- [Problem requirements]
Write out again, word for word, the lines below from the line that holds "cne Newlyweds Jacqueline" through the line that holds "Adjustable High Waist", omitting pictures.

- [Available records]
**********

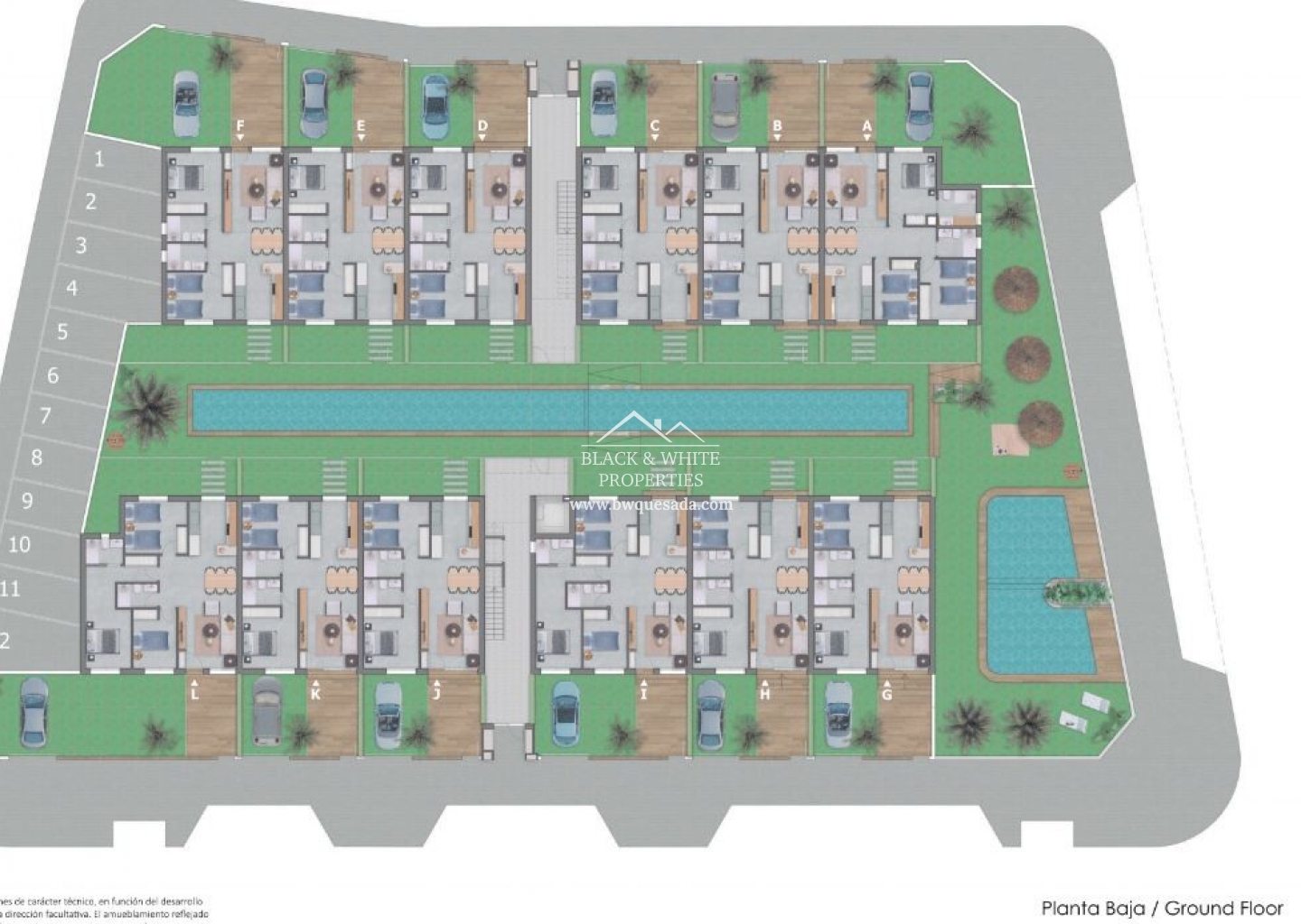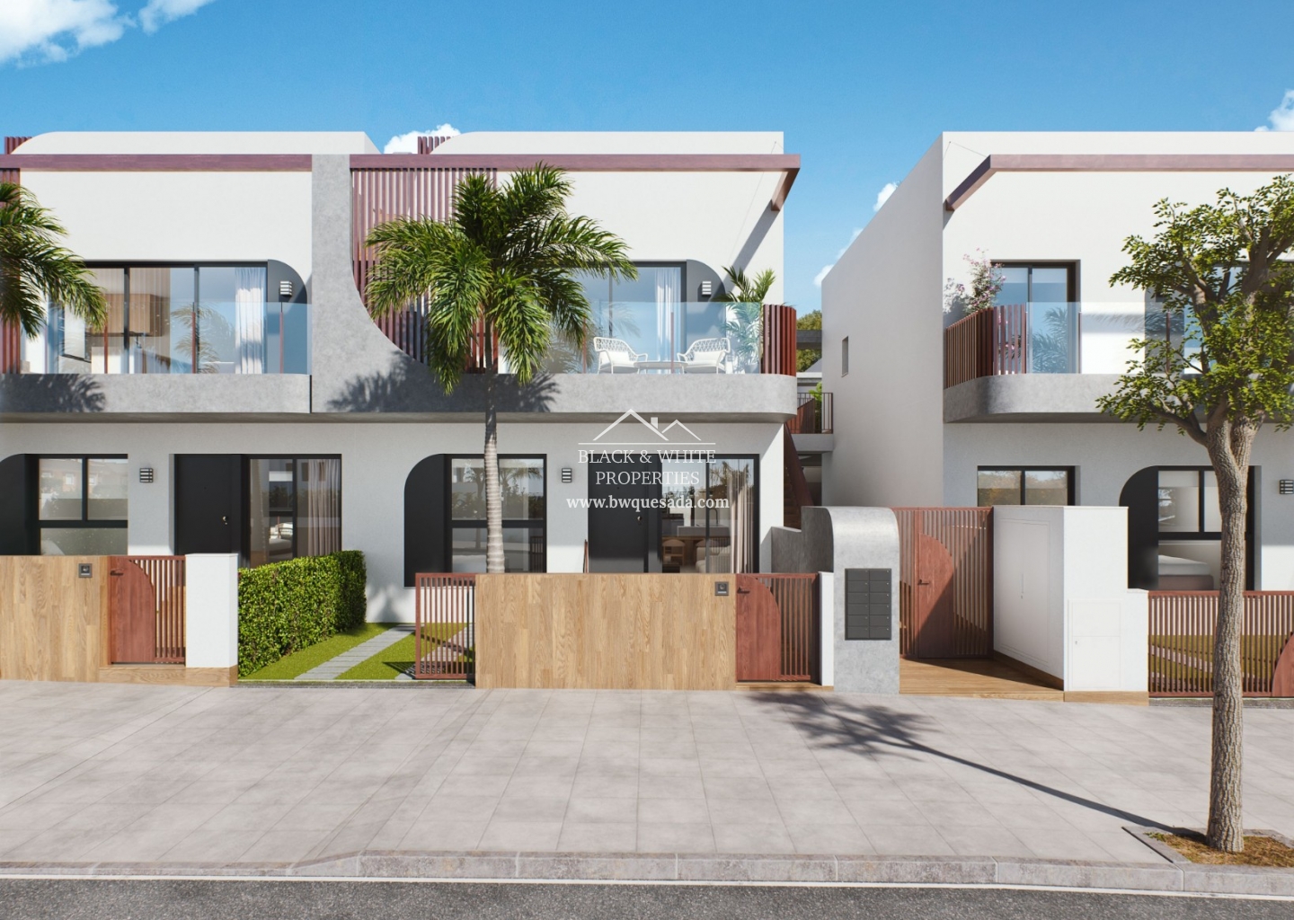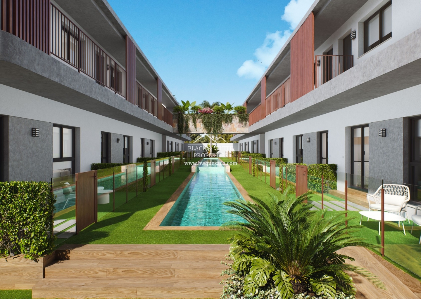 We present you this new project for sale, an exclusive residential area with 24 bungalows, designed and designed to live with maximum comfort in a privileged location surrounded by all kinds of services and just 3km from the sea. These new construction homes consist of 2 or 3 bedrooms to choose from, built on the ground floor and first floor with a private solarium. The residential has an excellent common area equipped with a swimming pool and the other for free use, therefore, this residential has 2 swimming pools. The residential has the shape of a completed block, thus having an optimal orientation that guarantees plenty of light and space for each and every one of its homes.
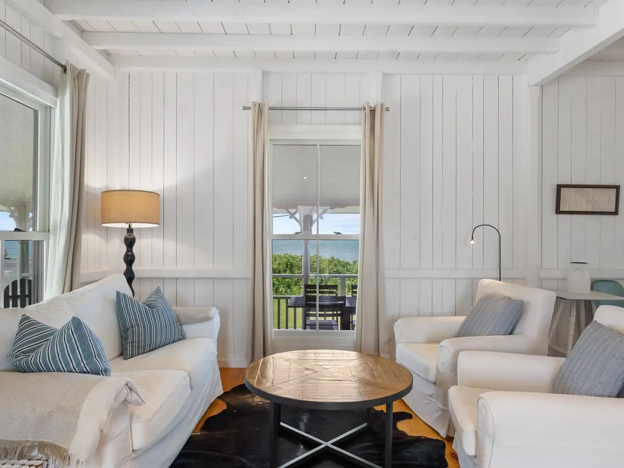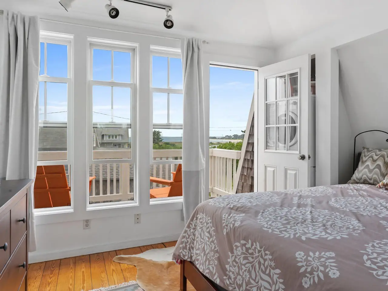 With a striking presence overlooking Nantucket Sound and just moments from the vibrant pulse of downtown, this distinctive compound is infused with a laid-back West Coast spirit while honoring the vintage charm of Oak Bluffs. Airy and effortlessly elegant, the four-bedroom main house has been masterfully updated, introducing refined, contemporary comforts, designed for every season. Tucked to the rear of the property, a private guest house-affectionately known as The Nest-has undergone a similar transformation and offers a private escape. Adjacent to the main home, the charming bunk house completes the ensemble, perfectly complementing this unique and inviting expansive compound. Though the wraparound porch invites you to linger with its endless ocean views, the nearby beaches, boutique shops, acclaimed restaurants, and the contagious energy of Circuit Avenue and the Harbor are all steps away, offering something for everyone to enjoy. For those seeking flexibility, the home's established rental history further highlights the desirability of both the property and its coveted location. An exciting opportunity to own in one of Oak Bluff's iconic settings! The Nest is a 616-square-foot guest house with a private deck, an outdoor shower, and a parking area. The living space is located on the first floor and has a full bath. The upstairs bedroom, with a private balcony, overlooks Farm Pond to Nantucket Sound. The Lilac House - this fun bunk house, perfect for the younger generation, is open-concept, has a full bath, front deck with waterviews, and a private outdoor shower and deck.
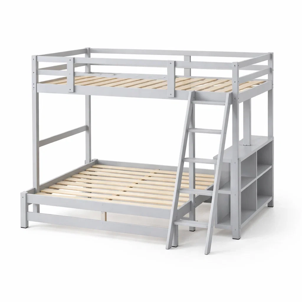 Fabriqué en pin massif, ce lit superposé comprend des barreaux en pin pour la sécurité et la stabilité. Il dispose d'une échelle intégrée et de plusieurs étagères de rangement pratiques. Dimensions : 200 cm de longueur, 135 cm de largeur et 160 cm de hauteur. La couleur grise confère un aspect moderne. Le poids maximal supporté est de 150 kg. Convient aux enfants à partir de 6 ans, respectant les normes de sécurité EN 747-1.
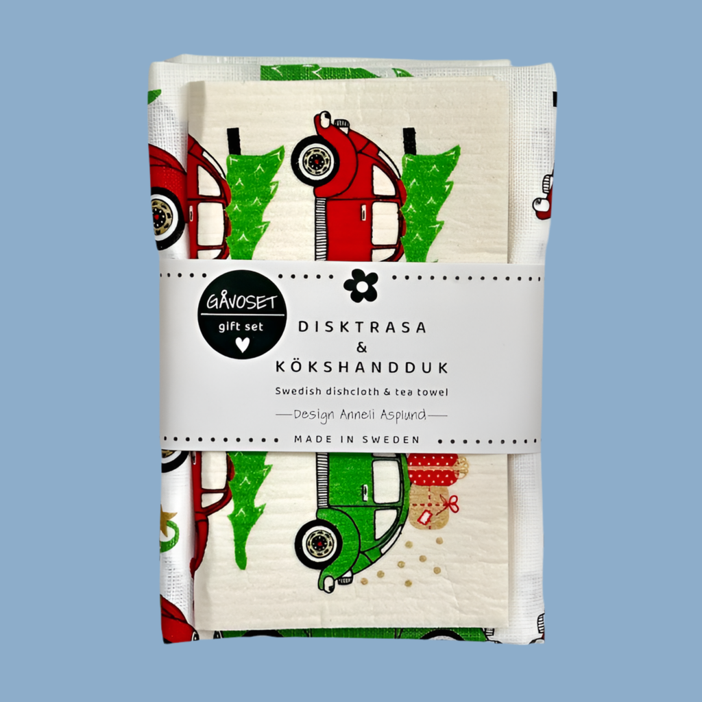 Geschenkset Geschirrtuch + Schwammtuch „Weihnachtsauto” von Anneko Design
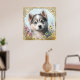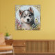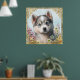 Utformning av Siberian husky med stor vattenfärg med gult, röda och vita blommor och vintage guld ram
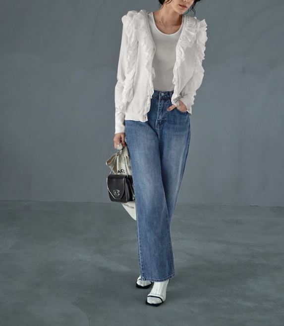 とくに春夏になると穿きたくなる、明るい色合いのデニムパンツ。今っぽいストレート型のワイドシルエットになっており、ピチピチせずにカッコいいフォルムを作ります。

**********

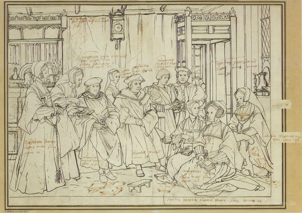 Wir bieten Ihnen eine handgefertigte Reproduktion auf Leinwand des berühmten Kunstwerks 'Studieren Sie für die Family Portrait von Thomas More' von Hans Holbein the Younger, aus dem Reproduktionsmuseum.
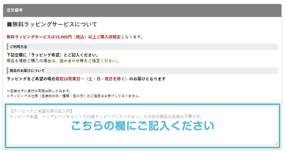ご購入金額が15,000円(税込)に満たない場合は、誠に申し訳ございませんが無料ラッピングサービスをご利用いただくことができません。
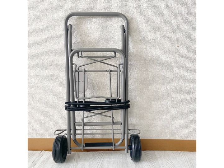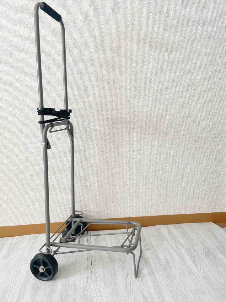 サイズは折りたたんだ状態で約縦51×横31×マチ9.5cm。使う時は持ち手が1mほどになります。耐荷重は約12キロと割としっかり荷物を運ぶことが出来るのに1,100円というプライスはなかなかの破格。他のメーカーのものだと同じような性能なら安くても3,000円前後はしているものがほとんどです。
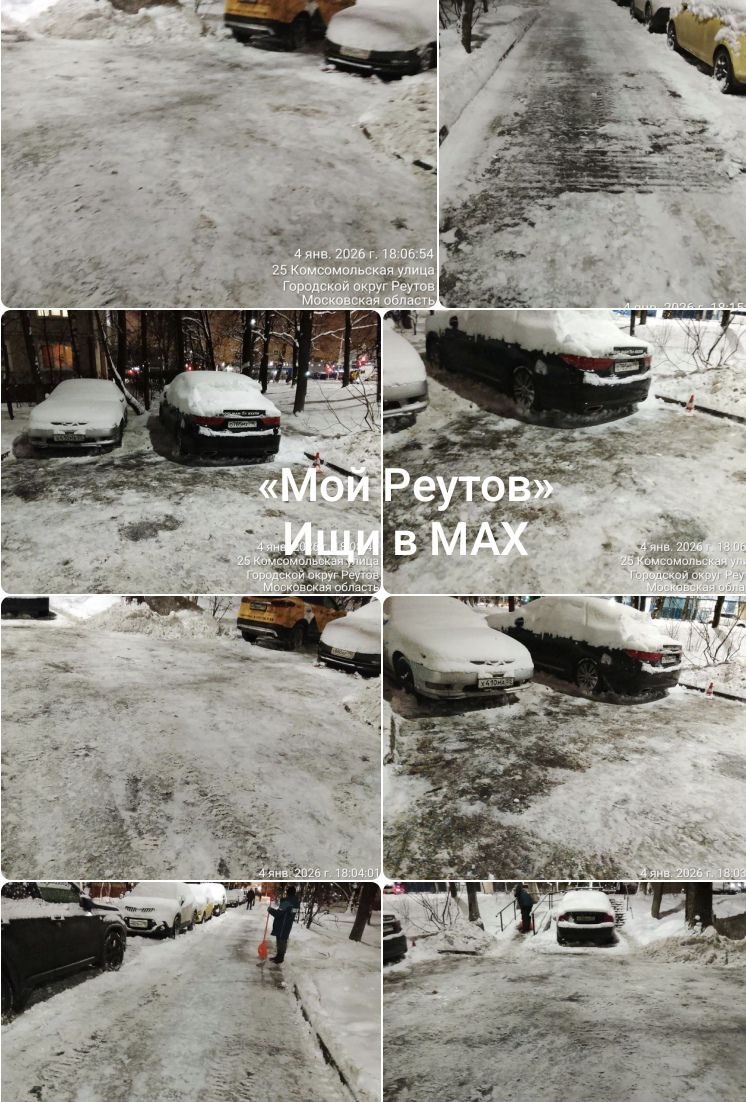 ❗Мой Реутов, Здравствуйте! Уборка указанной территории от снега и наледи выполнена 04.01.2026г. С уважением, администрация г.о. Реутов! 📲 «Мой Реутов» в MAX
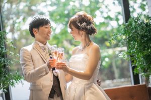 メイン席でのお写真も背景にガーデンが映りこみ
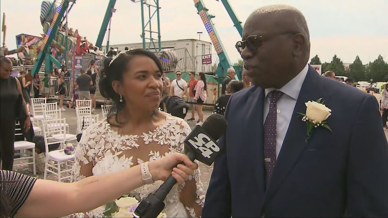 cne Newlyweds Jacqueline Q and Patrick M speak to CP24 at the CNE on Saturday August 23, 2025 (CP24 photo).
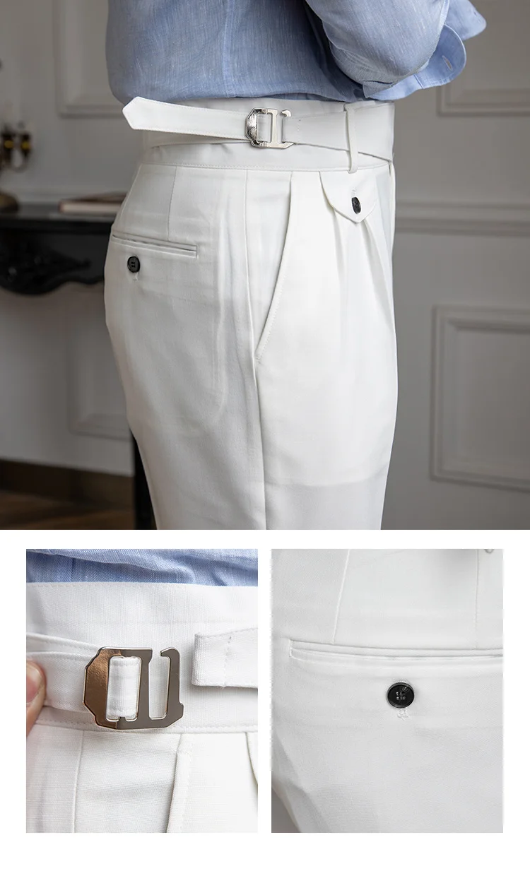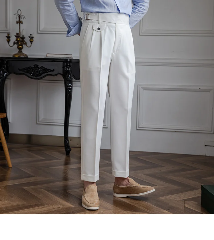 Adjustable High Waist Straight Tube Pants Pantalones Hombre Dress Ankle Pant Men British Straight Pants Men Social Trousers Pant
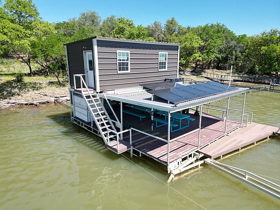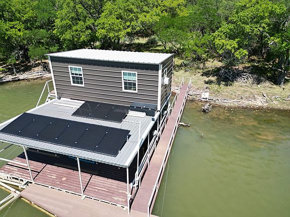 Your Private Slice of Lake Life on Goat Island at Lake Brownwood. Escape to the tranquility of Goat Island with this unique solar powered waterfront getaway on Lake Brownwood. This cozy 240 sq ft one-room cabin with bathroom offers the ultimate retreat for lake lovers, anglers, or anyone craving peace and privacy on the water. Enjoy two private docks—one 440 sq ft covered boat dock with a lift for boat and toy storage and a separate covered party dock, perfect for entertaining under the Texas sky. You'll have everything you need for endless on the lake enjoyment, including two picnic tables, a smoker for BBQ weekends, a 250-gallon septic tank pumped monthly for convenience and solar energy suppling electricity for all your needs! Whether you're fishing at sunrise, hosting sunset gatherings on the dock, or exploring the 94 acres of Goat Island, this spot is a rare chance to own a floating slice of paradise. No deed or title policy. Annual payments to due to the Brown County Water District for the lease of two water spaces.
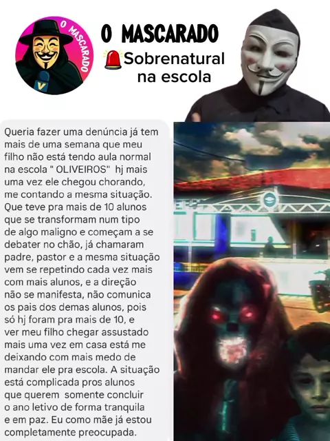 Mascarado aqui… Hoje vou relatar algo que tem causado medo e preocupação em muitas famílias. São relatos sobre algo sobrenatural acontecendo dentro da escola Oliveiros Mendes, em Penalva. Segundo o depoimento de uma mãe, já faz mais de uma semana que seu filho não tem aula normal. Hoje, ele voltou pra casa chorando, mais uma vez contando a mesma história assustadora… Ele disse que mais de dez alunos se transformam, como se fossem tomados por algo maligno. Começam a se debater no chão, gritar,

**********

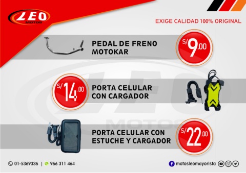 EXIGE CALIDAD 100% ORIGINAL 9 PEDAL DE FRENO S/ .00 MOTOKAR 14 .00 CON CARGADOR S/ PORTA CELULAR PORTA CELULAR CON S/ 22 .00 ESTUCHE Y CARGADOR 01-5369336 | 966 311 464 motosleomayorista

**********

- [Expected answer]
 cne Newlyweds Jacqueline Q and Patrick M speak to CP24 at the CNE on Saturday August 23, 2025 (CP24 photo).
 Adjustable High Waist Straight Tube Pants Pantalones Hombre Dress Ankle Pant Men British Straight Pants Men Social Trousers Pant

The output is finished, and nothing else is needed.